What the task asks: For the records below, copy exactly the span that begins at the line containing "Desde APANAG queremos" and stops after the line containing "2013年3月25、27日 撮影 静岡市駿河区", minus any pictures.

Listed entries:
# # # # # # #
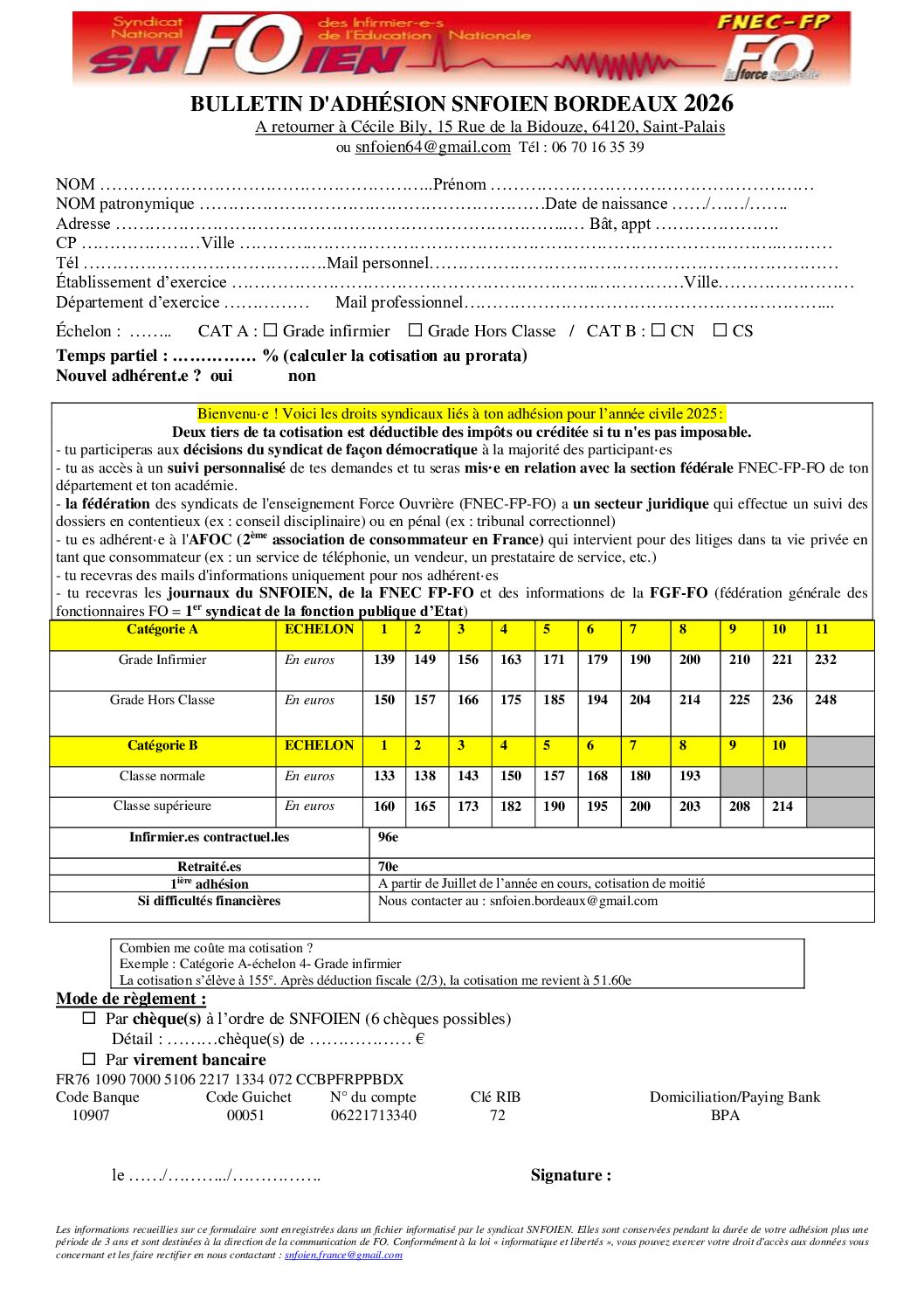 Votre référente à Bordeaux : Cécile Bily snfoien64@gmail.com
# # # # # # #
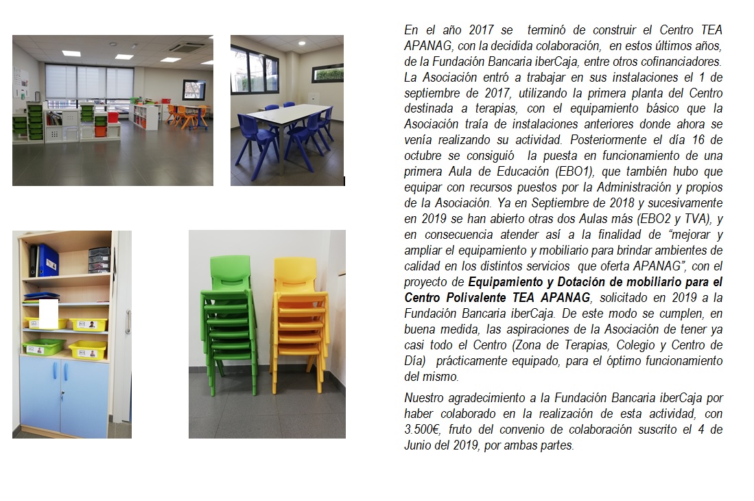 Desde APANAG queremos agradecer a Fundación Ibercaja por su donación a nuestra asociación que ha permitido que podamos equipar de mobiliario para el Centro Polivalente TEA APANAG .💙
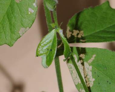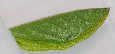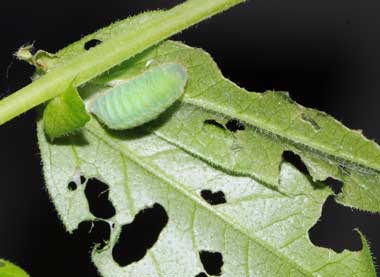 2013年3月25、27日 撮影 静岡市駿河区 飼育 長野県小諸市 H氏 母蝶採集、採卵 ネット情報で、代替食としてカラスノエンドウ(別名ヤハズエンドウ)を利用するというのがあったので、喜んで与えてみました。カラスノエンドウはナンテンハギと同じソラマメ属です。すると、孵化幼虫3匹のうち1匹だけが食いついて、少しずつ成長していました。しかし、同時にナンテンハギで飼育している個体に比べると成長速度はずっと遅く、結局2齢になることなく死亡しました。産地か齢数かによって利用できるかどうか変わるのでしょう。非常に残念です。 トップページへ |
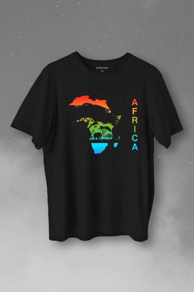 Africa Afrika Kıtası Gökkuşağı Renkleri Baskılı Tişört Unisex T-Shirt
# # # # # # #
Exercise answer:
 Desde APANAG queremos agradecer a Fundación Ibercaja por su donación a nuestra asociación que ha permitido que podamos equipar de mobiliario para el Centro Polivalente TEA APANAG .💙
 2013年3月25、27日 撮影 静岡市駿河区 飼育 長野県小諸市 H氏 母蝶採集、採卵 ネット情報で、代替食としてカラスノエンドウ(別名ヤハズエンドウ)を利用するというのがあったので、喜んで与えてみました。カラスノエンドウはナンテンハギと同じソラマメ属です。すると、孵化幼虫3匹のうち1匹だけが食いついて、少しずつ成長していました。しかし、同時にナンテンハギで飼育している個体に比べると成長速度はずっと遅く、結局2齢になることなく死亡しました。産地か齢数かによって利用できるかどうか変わるのでしょう。非常に残念です。 トップページへ |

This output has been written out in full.